Blockchain is essentially a combination of hardware and software that operates as a decentralized network. However, blockchain typically consists of many different parts that made up the whole network.
The collection of these parts and their classification into discernable entities are known as layers. By understanding different layers of blockchain, developers can investors can get familiar with the inner workings of a blockchain network.
Basics of Blockchain Layers
Depending on whom you ask the total amount of blockchain layers can range from 5 to 7. However, at its core, some fundamental layers of blockchain are mentioned as under:
Layer 0 is a foundational layer that consists of internet, hardware, and protocol networks among other things. This layer cannot create scalability for a blockchain network but it serves as a foundational layer for adding it. Layer 0 is responsible for cross-chain interoperability and communication between different layers.
Layer 1 is built on Layer 0 or the foundational layer. This layer defines the functionality of a blockchain. These functions may include but are not limited to consensus, dispute settlements, programming syntax, protocols, and limitations.
All changes, edits, and upgrades implemented on layer 0 directly impact the structure of layer 1 therefore it is also called the implementation layer. Layer 1 also grants scalability for the blockchain but it has limited scope. Bitcoin, Ethereum, Binance Smart Chain, and Solana are some examples of Layer 1 blockchains.
Layer 2 is all about upgrading and up-scaling the blockchain network. As participation in a layer 1 blockchain grows the network needs more power and nodes to maintain its decentralization.

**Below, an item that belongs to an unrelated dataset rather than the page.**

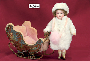 Puppen-Botanisiertrommel, 8,5 cm, Blech lithogr., Motiv Kind mit Schlitten, schöne Gr.

Therefore, the layer 2 network is introduced to make sure that layer 1 maintains functional immutability while continuing to expand seamlessly. Despite the addition of the layer 2 solution new blocks are added at the layer 1 level.
Layer 3 can be understood as the user interface for a blockchain network. This layer allows non-technical individuals to make more sense of Layer 1 and Layer 2. Layer 3 may also introduce intra or inter-chain operations like liquidity provisioning, DEXs, staking, and decentralized applications or DApps.
It is also known as the application layer sometimes it is split into a sub-layer called the execution layer. The execution sub-layer can be used to generate new blockchains using cross-chain and improving interoperability. AAVE, Uniswap, and Pancake Swap are some good examples of Layer 3.
Classification of Blockchain Layers
Here are 7 types of blockchain layer classification that are found across the board of the sector with the addition or subtraction of a few types.
The hardware layer is the basic and most important layer of a blockchain network that makes up its foundational components. It could be a server that houses all the data of a blockchain network or nodes. It is also called the infrastructure layer.
The data layer is present in the form of pointers and linked lists. Pointers are variables that are used to locate other variables and link lists are collections of chained blocks containing data.
Sometimes, Merkle Tree is added to the data layer as a branch of hashes containing information that is used to verify and maintain data integrity on the blockchain. Creation, storage, and management of private and public encryption keys are crucial functionality of this layer.
The network layer is a P2P communication enabler. It is also called the propagation layer and performs transactions, discovery, and block propagation. P2P systems can share the workload and operate to accomplish a unique goal.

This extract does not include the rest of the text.